Home | Battles | Cemeteries | Descendants | Find A Soldier | Towns | Units | Site Map Chandler, Charles Marcellus
MILITARY SERVICE
Age: 34, credited to Montpelier, VT
Unit(s): 6th VT INF
Service: comn ASURG, 6th VT INF, 10/10/61 (10/14/61), pr SURG, 10/29/61 (11/18/61), resgd 10/7/63
See Legend for expansion of abbreviations
VITALS
Birth: 07/01/1827, Tunbridge, VT
Death: 03/19/1889
Burial: Green Mount Cemetery, Montpelier, VT
Marker/Plot: Lot 592
Gravestone photographer: Kathy Valloch
Findagrave Memorial #: 74191443
MORE INFORMATION
Alias?: None noted
Pension?: Yes, 6/21/1880; widow Abby J., 4/23/1889, VT
Portrait?: VHS Collections, USAHEC off-site, Gibson Collection
College?: Not Found
Veterans Home?: Not Found
(If there are state digraphs above, this soldier spent some time in a state or national soldiers' home in that state after the war)
Remarks: None
DESCENDANTS
(Are you a descendant, but not listed?
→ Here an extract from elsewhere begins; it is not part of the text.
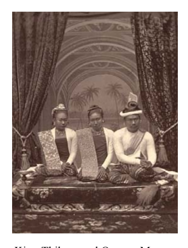
King Thibaw and Queens Myanmar (19th century AD)

From this time, Achiek workshops were situated and mainly produced in Amarapura, Sagaing and Mandalay in upper Myanmar.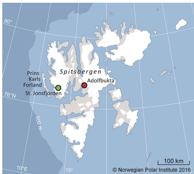
Figure 1. Map of Svalbard where place names mentioned in the text are indicated. The red dot is where the ringed seals in Fig. 2 (a) were hauled out and the green dot is where the mixed group of ringed and harbour seals in Fig. 2b were hauled out.

During the last decade, influxes of Atlantic Water (Cottier et al. 2005) with increasingly higher temperatures (Spielhagen et al. 2011) have replaced Arctic Water masses in the Hords on the west coast of Svalbard. Consequently, sea ice has formed late in the season or in some years has not formed at all (Lydersen et al. 2014). When sea ice forms late in the season there is generally not time for enough snow to accumulate, preventing ringed seals from being able to construct birth lairs. In recent years, the few areas that did have sea-ice in April have had unnaturally high densities of ringed seals. Most pups that have been born on the open ice have been killed by predators. In addition, very little sea ice has been available for the post-breeding moulting period over the past decade as well, forcing some ringed seals to undergo this process in the water with increased energetic costs due to increased heat loss.

Register today)
BURIAL:
Copyright notice
Green Mount Cemetery, Montpelier, VT
Check the cemetery for location/directions and other veterans who may be buried there.
Obituary
OBITUARY.
Charles Marcellus Chandler, M. D.
By Dr. Henry Janes, Waterbury, Vt.Charles M. Chandler
Charles M. Chandler was born in the town of Tunbridge, Vt., July 1st, 1827. His father was Dr. Chas. B. Chandler, late of Montpelier, Vt.
1827-1889
Marcellus received his education at Chelsea and Bradford, Vt. After leaving academy he was engaged for several years in teaching and as a clerk in a country store.
In 1850 he began the study of medicine, which he continued for four years under his father's tuition but attending the winter courses of lectures at the Harvard Medical College, Boston, where he graduated in 1854.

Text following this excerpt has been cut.